# Video slide show of our garden/yard



## Ameriscot (May 25, 2016)

I made a video of photos I took of our garden (yard) in 2011.  It's mostly flowers and I don't have all but the majority of them.  Video was getting too long for the rest as it's already 11 minutes.


----------



## Ameriscot (May 25, 2016)

One of my friends on FB in the US said she gets a message that she can't open this in her country because of music infringement.  Anyone else get this message that tried to open it?


----------



## Goldfynche (May 25, 2016)

Opened fine for me. Beautiful video.


----------



## Ameriscot (May 25, 2016)

Thanks GF!


----------



## kburra (May 25, 2016)

Actually reminded me of one I made in 2011 of our place downunder:
https://www.youtube.com/watch?v=l4OCKLQBeDU


----------



## Falcon (May 25, 2016)

Your video is beautiful!  SO professionally done.

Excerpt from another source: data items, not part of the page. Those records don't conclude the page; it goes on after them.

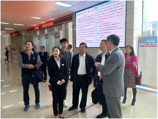 首先,余书记、张主任带领李院长一行参观了浏阳市行政服务审批局,并详细介绍了各个窗口的服务功能和特色:一楼主要是面向民众的日常服务窗口;二楼主要是面向企业的服务窗口;三楼是其他业务和会议室,很多审批业务都已经开通了网上办理。近年来,浏阳市行政审批服务局着力打造“市民之家”,坚持“最多跑一次”的改革,推进“放管服”改革升级提质,强化政务公开,优化政务服务,大大简化了审批程序,提高了办事效率。在全省乃至全国走在了“放管服”改革创新的前列。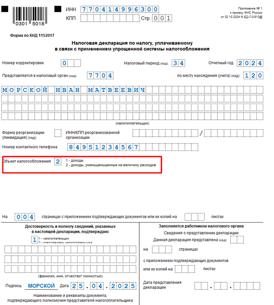 Фнс декларация усн доходы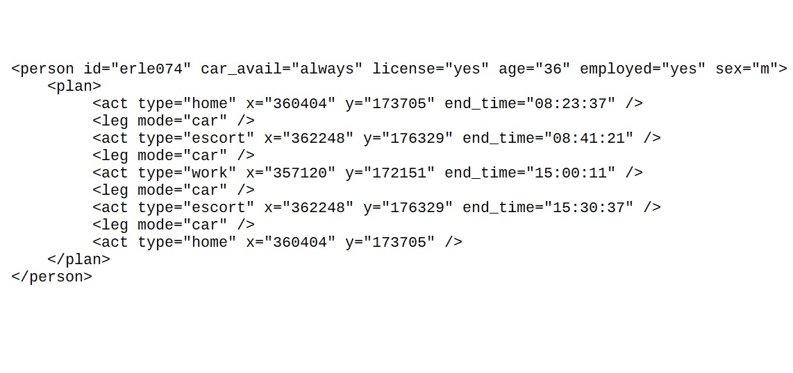 The agent plan above includes an "escort" activity to simulate a 'school run' responsibility for this agent.
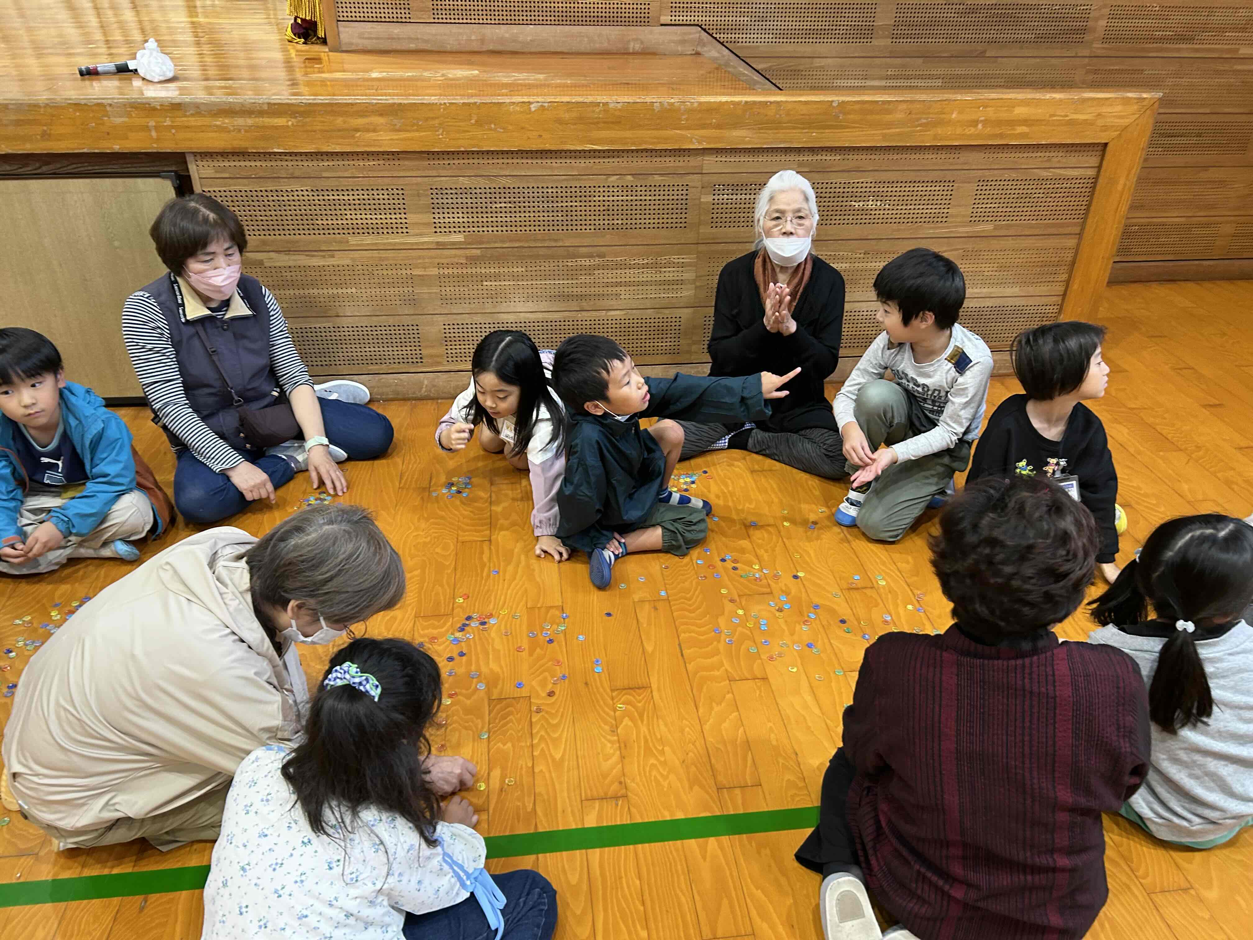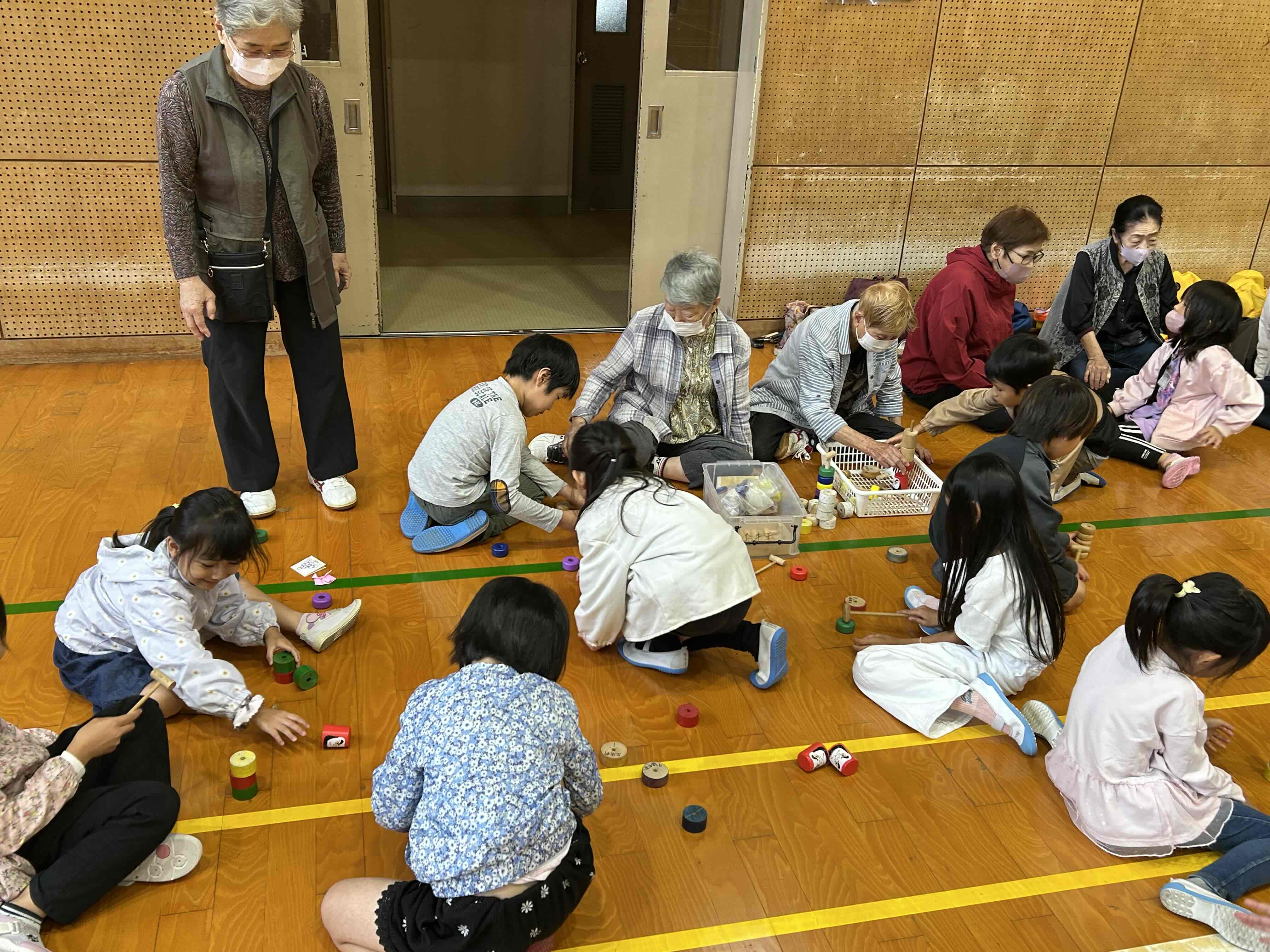お手玉、コマ回し、けん玉、おはじき、竹とんぼなど、2年生は地域のみなさまと一緒に楽しい時間を過ごしました。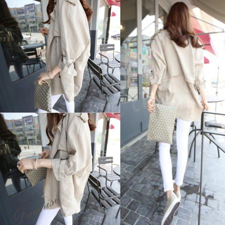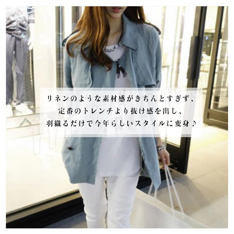 リネンのような素材感がきちんとすぎず、定番のトレンチより抜け感を出し、羽織るだけで今年らしいスタイルに変身♪

And, WELCOME to the forum.


----------



## Ameriscot (May 25, 2016)

Falcon said:


> Your video is beautiful!  SO professionally done.
> 
> And, WELCOME to the forum.



Is this for me or kburra, Falcon?


----------



## Ameriscot (May 25, 2016)

kburra said:


> Actually reminded me of one I made in 2011 of our place downunder:
> https://www.youtube.com/watch?v=l4OCKLQBeDU



Very nice!


----------



## Falcon (May 25, 2016)

That was for kburra.  He's new here.


----------



## kburra (May 25, 2016)

Thanks for kind words


----------



## Ameriscot (May 26, 2016)

Falcon said:


> That was for kburra.  He's new here.



He's been here 3 years.


----------



## kburra (May 26, 2016)

Ameriscot said:


> He's been here 3 years.



Yep, had forgotten all about you (Sorry)...was going through old favourites and found you all again..good to be back!!:sorry:


----------



## Ameriscot (May 26, 2016)

kburra said:


> Yep, had forgotten all about you (Sorry)...was going through old favourites and found you all again..good to be back!!:sorry:



Welcome back.  Nothing to be sorry for!


----------